The accuracy of the forcing database in $Re_\tau =543$ flow is verified by comparing the state $\hat {\boldsymbol {q}}$ to its resolvent-based prediction $\boldsymbol{\mathsf{R}}\hat {\boldsymbol {f}}$ in figure 4. Such an evaluation has already been performed by Morra et al. (2021) for two dominant structures, and it is here extended to a broader range of wavenumbers. As seen in the figure, the resolvent-based prediction of the response matches the DNS state data for the entire wavenumber span considered.

Figure 4. PSD of the response $\hat {\boldsymbol {q}}$ (solid lines) in comparison to its resolvent-based prediction $\boldsymbol{\mathsf{R}}\hat {\boldsymbol {f}}$ (markers) at $\omega _{max}$ for different Fourier-mode pairs with $\textrm {AR}=6$. Wavelengths plotted are $\rm\lambda _x^+=487$, 569, 683, 853, 1137 and 1706.

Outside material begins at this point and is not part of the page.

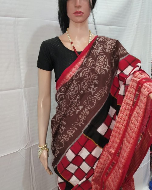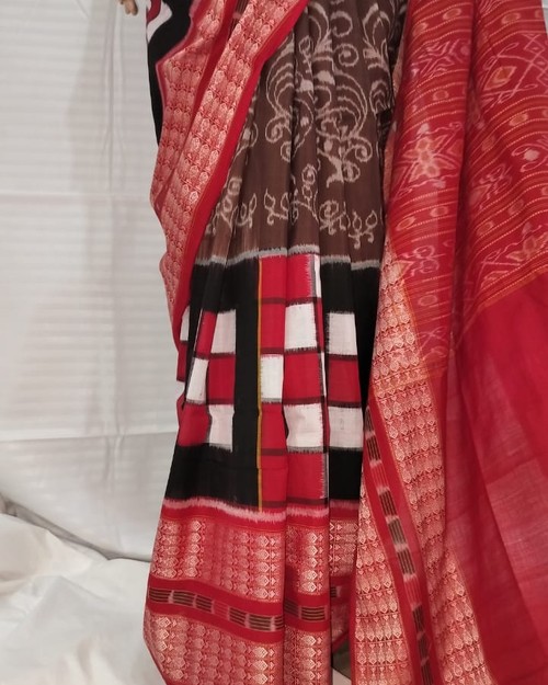 One Side Safta Macha Border Sambalpuri Saree With Blouse Pices. Dark Chocolate And Red Colour Combination Macha Border One Side Safta Sambalpuri Saree
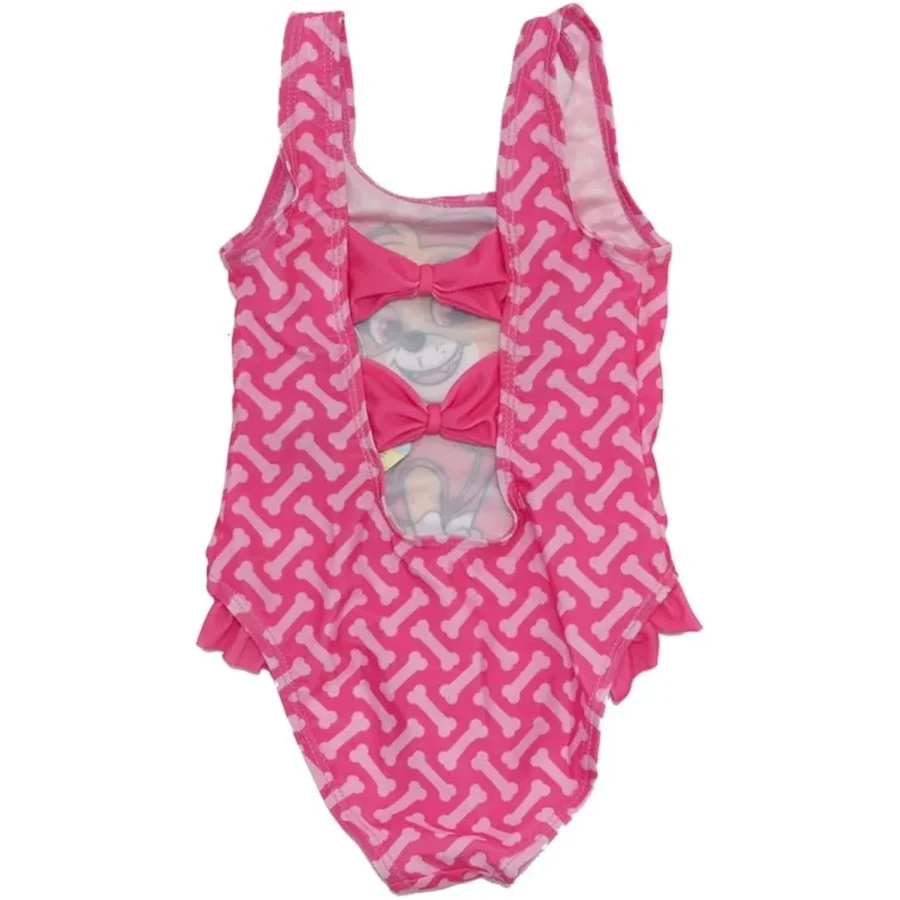 Holčičí jednodílné plavky Paw Patrol - Tlapková patrola - motiv Skye. Dětské plavky s obrázkem oblíbené členky party "tlapek" Skye s mašličkami na zádech. Z vnitřní strany spodní části je jemná bílá podšívka. Materiál plavek je poměrně elastický, takže se dobře přizpůsobí tělu, snadno se oblékají a pohodlně se nosí. Tyto plavky nabízíme ve světle růžovém provedení se žlutými symboly psích pochoutek - kostí, nebo v tmavě růžovém provedení se světle růžovými symboly kostí - viz výběr barvy a velikosti.

The square root of PSD of the wall shear $\tau _z$ calculated at $\omega _{max}$ is shown in figure 5. The amplitude is seen to decrease for increasing $\alpha ^+$ as expected from figure 2. The trend is almost linear for $\alpha ^+>7.4\times 10^{-3}$.

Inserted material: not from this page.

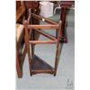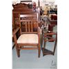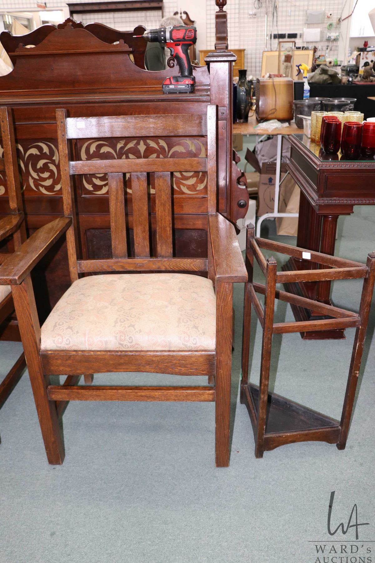 Mission style open arm oak parlour chair and tri-angular stick/ umbrella stand with drip tray

Figure 5. Amplitude spectral density of spanwise wall shear $\tau _z$ at $\omega _{max}$ for different Fourier-mode pairs with $\textrm {AR}=6$.

3.3. Wall-attached coherent structures and associated forcing for $\textrm {AR}=6$

We now focus on the wall-attached structures at the peak-energy frequency, $\omega _{max}^+$, for each $(\rm\lambda _x^+,\rm\lambda _z^+)$ pair with AR fixed at 6. The modes are forced to be symmetric in $u$ and $w$ (and anti-symmetric in $v$) about the channel centre in the wall-normal direction by averaging the flow fields in the bottom and the upper halves of the channel (considering a minus sign in $v$), as in Abreu et al. (2020a). In figure 6, wall-shear-associated forcing modes obtained using RESPOD and RBE methods, respectively, and the velocity fields generated by these forcing modes, are shown. Note that the mode amplitudes are adjusted to have unit wall shear. The forcing from the RBE method, $\boldsymbol {\phi }$, shows that the spanwise and wall-normal components of forcing drive the wall-shear dynamics observed in the flow at this AR, while the streamwise component is almost not required. For the forcing from the RESPOD method, $\boldsymbol {\chi }$, on the other hand, the forcing mechanisms that generate wall shear involve to a large extent the streamwise component of forcing, although its overall contribution to wall-shear dynamics can be small, as suggested by the RBE results. This indicates strong cancellations among the responses to different forcing components, similar to the results in Morra et al. (2021). This will be investigated further at the end of this subsection. As discussed earlier, the response $\boldsymbol {\xi }=\boldsymbol{\mathsf{R}}\boldsymbol {\chi }$ yields the velocity field associated with the wall shear. Similarly, $\boldsymbol{\mathsf{R}}\boldsymbol {\phi }$ can be interpreted as best prediction of the correlated velocity field when no data for forcing are available. This amounts to flow estimation using low-rank measurements with the assumption of forcing CSD $\boldsymbol{\mathsf{P}}=\boldsymbol{\mathsf{I}}$, as discussed in Martini et al. (2020). We see that the velocity modes associated with the wall shear are significantly overpredicted when RBE is used.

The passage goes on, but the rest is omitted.